→ **WORK REQUEST**:
For this exercise, retype the lines from the one that holds "00s1girlanimal earsassbrown eyesbrown" through the one that holds "Main bedroom with" in the records below, both included, exactly and without pictures.

→ **INFORMATION**:
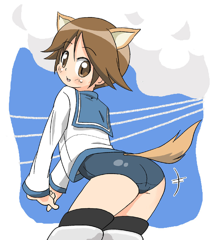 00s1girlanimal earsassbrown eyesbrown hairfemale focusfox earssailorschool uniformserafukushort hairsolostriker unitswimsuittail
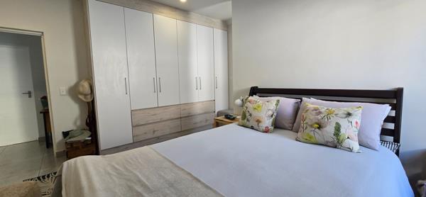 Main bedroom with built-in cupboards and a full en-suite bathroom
==
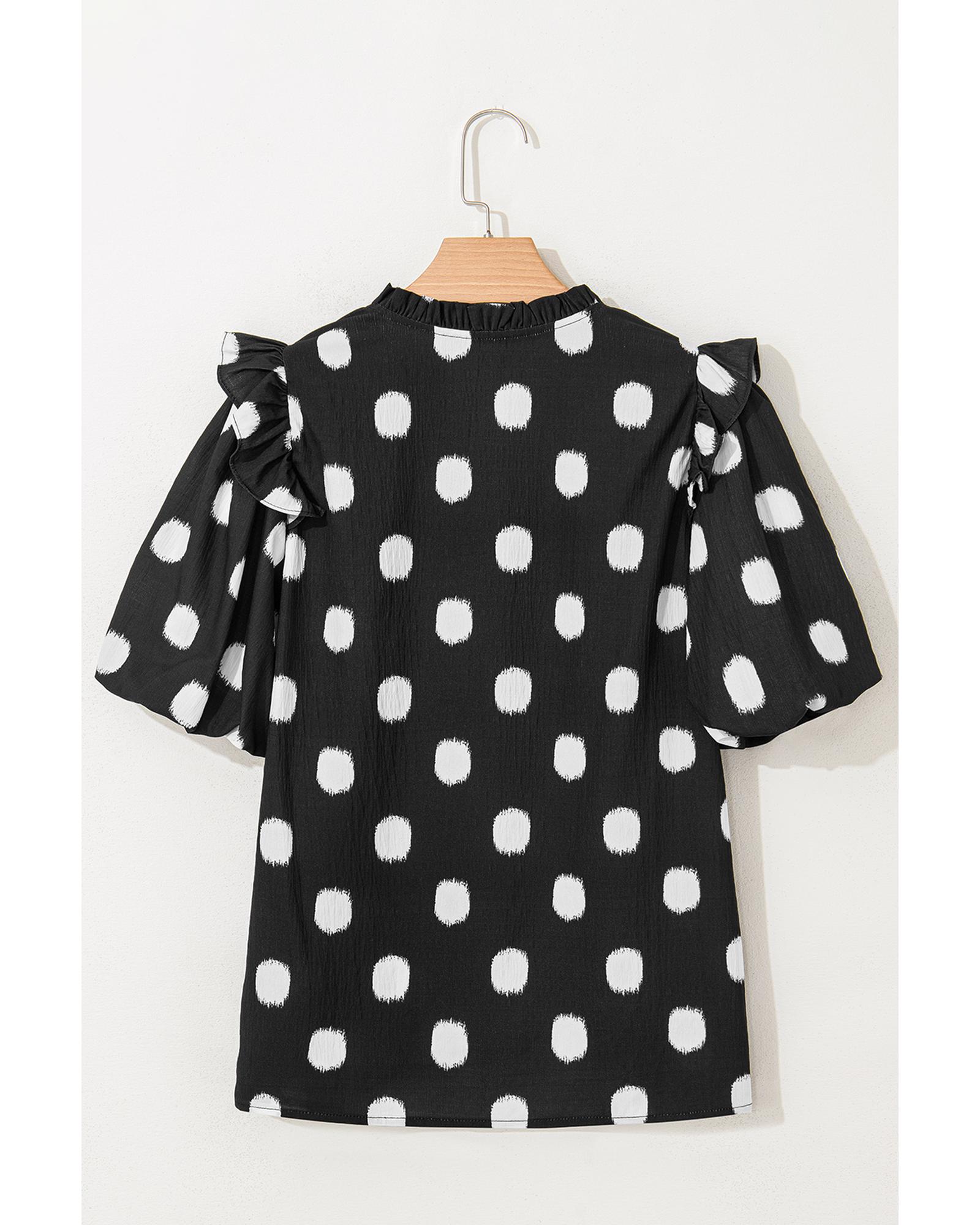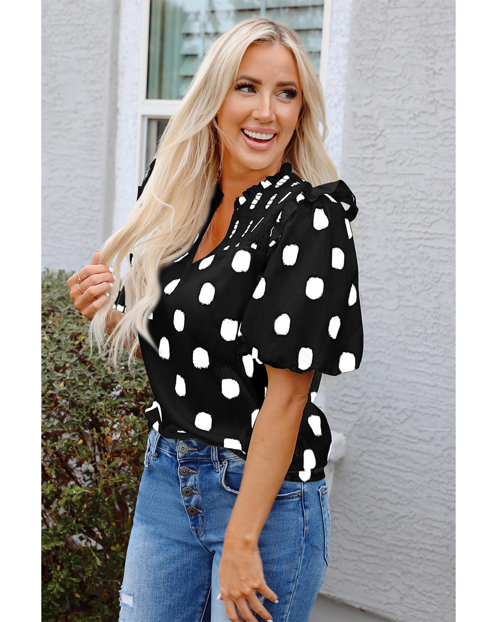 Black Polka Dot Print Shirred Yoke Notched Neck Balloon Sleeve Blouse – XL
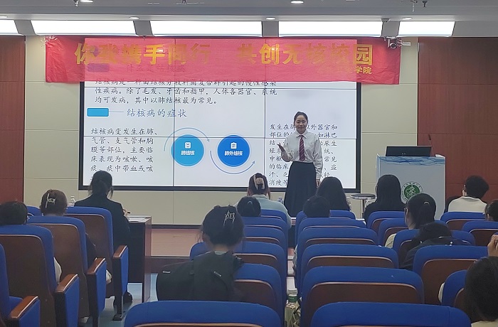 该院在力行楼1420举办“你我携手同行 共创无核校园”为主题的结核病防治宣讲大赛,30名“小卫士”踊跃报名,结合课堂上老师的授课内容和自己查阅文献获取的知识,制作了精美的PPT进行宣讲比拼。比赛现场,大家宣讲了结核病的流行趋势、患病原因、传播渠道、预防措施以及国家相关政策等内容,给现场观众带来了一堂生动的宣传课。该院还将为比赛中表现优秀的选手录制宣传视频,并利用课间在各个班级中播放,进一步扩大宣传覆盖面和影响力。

→ **WRITTEN RESPONSE**:
 00s1girlanimal earsassbrown eyesbrown hairfemale focusfox earssailorschool uniformserafukushort hairsolostriker unitswimsuittail
 Main bedroom with built-in cupboards and a full en-suite bathroom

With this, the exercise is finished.